As further illustrated in the embodiment of FIG. 8, the third
cooling loop 120 includes a recycle function, whereby the cooling
pump 112 directs the support channel coolant 50 from the output
receptacle 98 through the third cooling loop 120 and back to the
input receptacle 96, whereby the liquid-to-liquid heat exchanger
114 of the co-extruded evaporator 12 can further decrease the
temperature of the support channel coolant 50 for later use in
providing cooling to the interior 118 of the cooling module 116 of
the second cooling loop 110. In alternate configurations, the third
cooling loop 120 can include a separate dedicated cooling module
116, whereby the third cooling loop 120 and the support channel
coolant 50 provide cooling to a dedicated cooling module 116 of the
third cooling loop 120.
Referring now to the embodiment as illustrated in FIG. 9, the
second cooling loop 110 can include a thermal storage channel 130
where the thermal storage material 52 is disposed all or at least
partially within the thermal storage channel 130. In this
embodiment, the thermal storage channel 130 is defined by an inner
surface 132 of the support channel 20 of the co-extruded evaporator
12 (shown in FIG. 6). The output receptacle 98 includes a first cap
134 and the input receptacle 96 includes a second cap 136
configured to seal the ends of the support channel 20 of the
co-extruded evaporator 12. In this manner, the thermal storage
material 52 is contained within the thermal storage channel 130 and
is also kept separate from the coolant fluid 30 disposed within the
main channel 16 and the main cooling loop 18. The support channel
20 and the main channel 16 are both in thermal communication with
the same interior compartment 14.
In this embodiment, as illustrated in FIG. 9, the condensing
function of the main channel 16 of the co-extruded evaporator 12
and the coolant fluid 30 disposed within the main channel 16, as
discussed above, provides cooling to the thermal storage channel
130 and the thermal storage material 52 contained therein. In this
manner, cooling is stored within the thermal storage material 52
and the temperature of the thermal storage material 52 is
decreased. The cooling stored within the thermal storage material
52 can be used to provide cooling to the interior compartment 14
disposed proximate the co-extruded evaporator 12. In this manner,
the thermal storage material 52 within the thermal storage channel
130 can act as a passive unpowered evaporator 138 for the interior
compartment 14.
As illustrated in the embodiment of FIG. 10, a defrost circuit 150
that includes the defrost fluid 54 can be coupled with the support
channel 20 of the co-extruded evaporator 12 at the input and output
receptacles 96, 98, such that the defrost circuit 150 is in fluid
communication with the support channel 20 of the co-extruded
evaporator 12. In this embodiment, the defrost circuit 150 includes
a reservoir 152 for storing the defrost fluid 54 and a heat source
154 disposed in thermal communication with the reservoir 152, such
that the heat source 154 can increase the temperature of the
defrost fluid 54 within the reservoir 152. The defrost circuit 150
can also include a defrost pump 156 for directing the flow of the
defrost fluid 54 from the reservoir 152, through the input
receptacle 96, and into the support channel 20 of the co-extruded
evaporator 12. The defrost pump 156 can work in conjunction with a
defrost valve 158 configured to be in fluid communication with the
defrost circuit 150 and the support channel 20 of the co-extruded
evaporator 12, such that the defrost valve 158 works with the pump
36 to direct the flow of the defrost fluid 54 into the support
channel 20 of the co-extruded evaporator 12. The defrost pump 156
is typically the only device for moving defrost fluid 54 within the
defrost circuit 150. Typically, the defrost circuit is free of a
dedicated heat source and the defrost fluid is warmed by a heat
source external to the defrost circuit 150.

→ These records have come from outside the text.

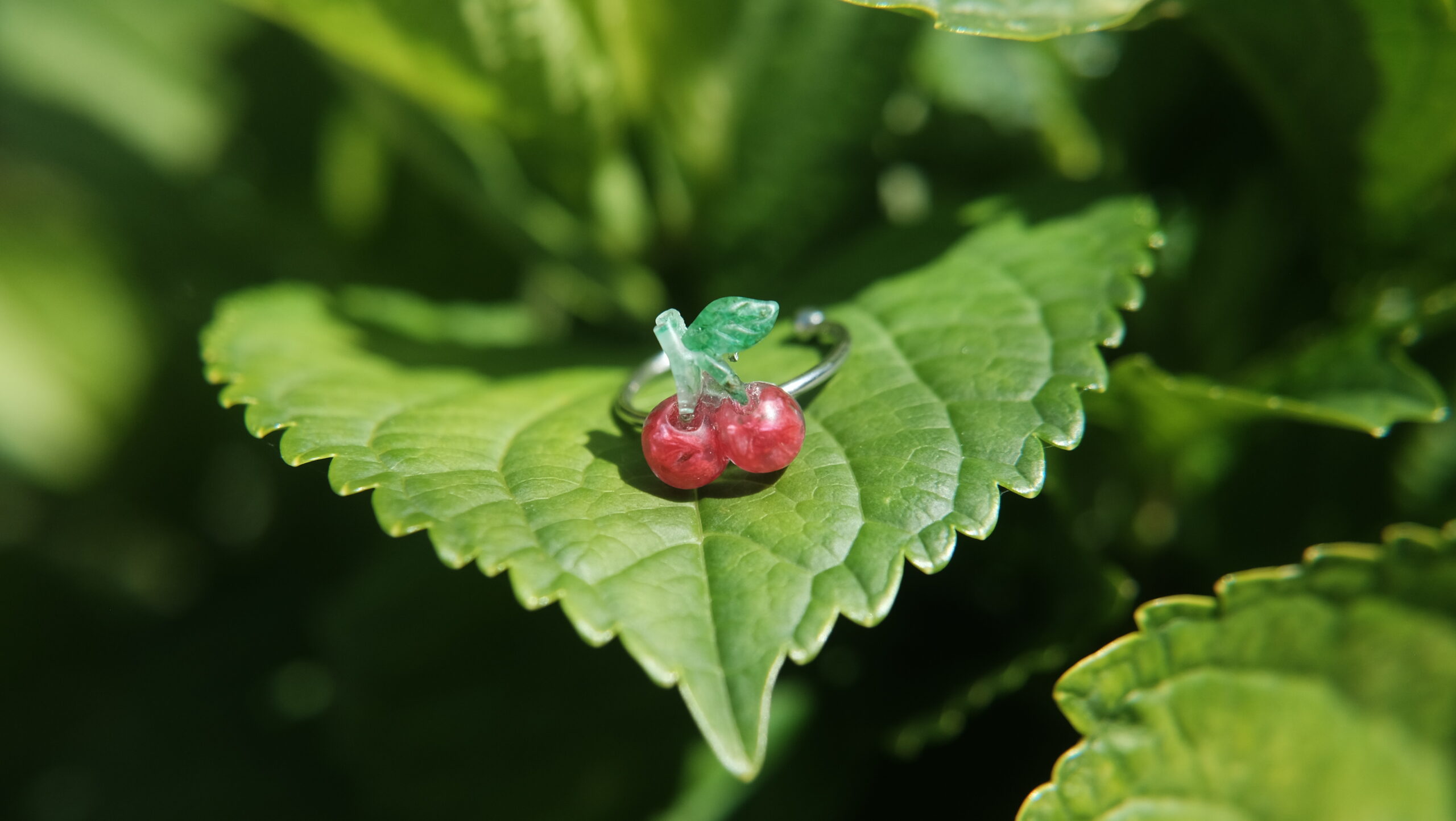 Anillo ajustable de cereza hecho con la flor de paniculata roja y verde.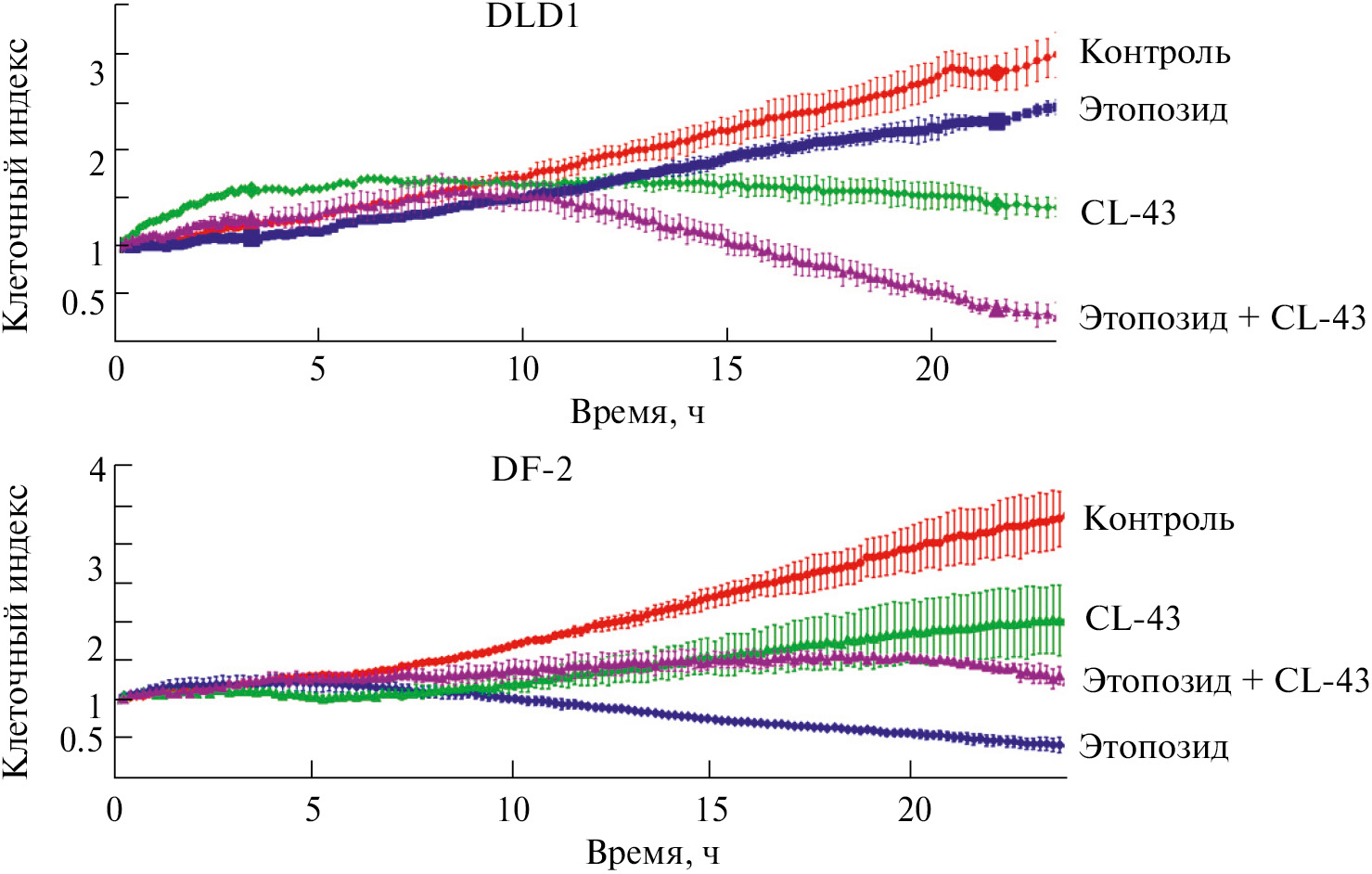 Для анализа клеточного индекса в лунки 16-луночной E-платы, на дне которой вмонтированы золотые микроэлектроды, рассевали клетки DLD1 (8 тыс./лунка) и DF-2 (2 тыс./лунка) На следующий день меняли среду и одновременно вносили противоопухолевый препарат этопозид (10 мкМ) и/или CL-43 (0.25 мкМ) и далее на протяжении 40 ч каждые 10 мин оценивали клеточный индекс. Контролем служили клетки, в среду которых добавляли только ДМСО в концентрации, соответствующей таковой в среде с внесенным CL-43. Результаты обрабатывали в программе RTCA Data Analysis Software 2.0 (Acea Bio, США).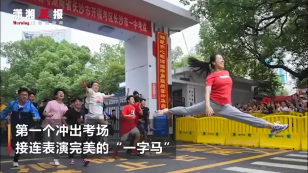 第一个冲出考场的女孩,开心到劈叉表演“一字马”。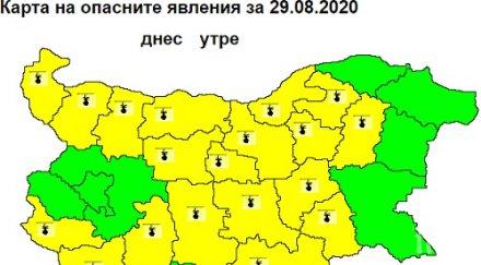 Предупреждението е в сила за областите Монтана, Враца, Плевен, Ловеч, София-област, София, Перник, Кюстендил, Благоевград, Пазарджик, Пловдив, Смолян, Стара Загора, Кърджали, Велико Търново, Габрово, Хасково, Ямбол, Силистра, Разград, Търговище, Сливен, Русе и Шумен.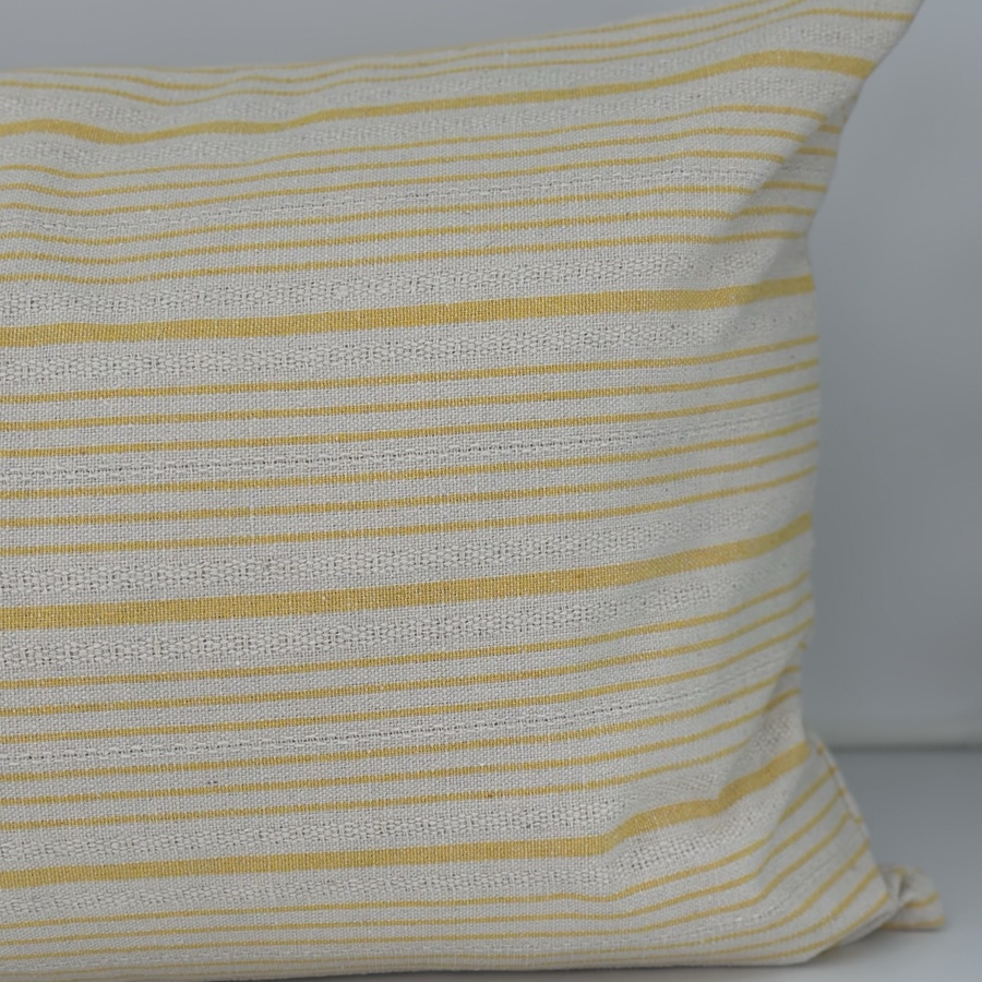 Ett gulrandigt kuddfodral. Tvättas enkelt i maskin vid behov. Tillverkad i en polyesterkvalitet som har en känsla och struktur av linne. Passar bra till innerkuddar i storleken 40x60.

As illustrated in the embodiment of FIG. 10, a defrost cycle is
initiated to remove frozen water that has accumulated on an outer
surface 162 of the co-extruded evaporator 12 (shown in FIG. 3).
Once initiated, the defrost cycle can selectively activate the
defrost pump 156 to direct the defrost fluid 54 from the reservoir
152 that has been heated by the heat source 154 through the defrost
valve 158 and into the support channel 20 of the co-extruded
evaporator 12 via the input receptacle 96, then through the output
receptacle 98 and back to the reservoir 152 so that the defrost
fluid 54 can be reheated and pumped back to the support channel 20
until the defrost circuit is completed. The defrost fluid 54 within
the support channel 20 of the co-extruded evaporator 12 increases
the temperature of the co-extruded evaporator 12 above the freezing
point of water, thereby increasing the temperature of the frozen
water disposed on the outer surface 162 of the co-extruded
evaporator 12 to a point above the freezing point of water. As a
consequence, the frozen water on the outer surface 162 of the
co-extruded evaporator 12 changes to liquid water and falls from
the outer surface 162 of the co-extruded evaporator 12. At the end
of the defrost cycle, the defrost pump 156 is deactivated and the
defrost fluid 54 is returned to the reservoir 152 for later use in
a subsequent defrost cycle. The defrost circuit 150 can also
include a water collector to receive and direct the liquid water
that has fallen from the outer surface 162 of the co-extruded
evaporator 12.
As illustrated in FIG. 11, which shows no particular orientation,
the defrost pump 156 of the defrost circuit 150 can include a
passive thermosyphon pump 170 to allow heated defrost fluid 172,
which is less dense than cooler defrost fluid 174, to passively
flow above the cooler defrost fluid 174 and upward into the defrost
circuit 150 and into the support channel 20. In this manner, the
passive thermosyphon pump 170 directs the heated defrost fluid 172
into the support channel 20 of the co-extruded evaporator 12. The
passive thermosyphon pump 170 also includes the defrost valve 158
for controlling the flow of the defrost fluid 54 into the input
receptacle 96, through the support channel 20, out through the
output receptacle and back to the passive thermosyphon pump 170,
where the defrost fluid can be reheated and recycled through the
defrost circuit 150 until the defrost cycle is completed.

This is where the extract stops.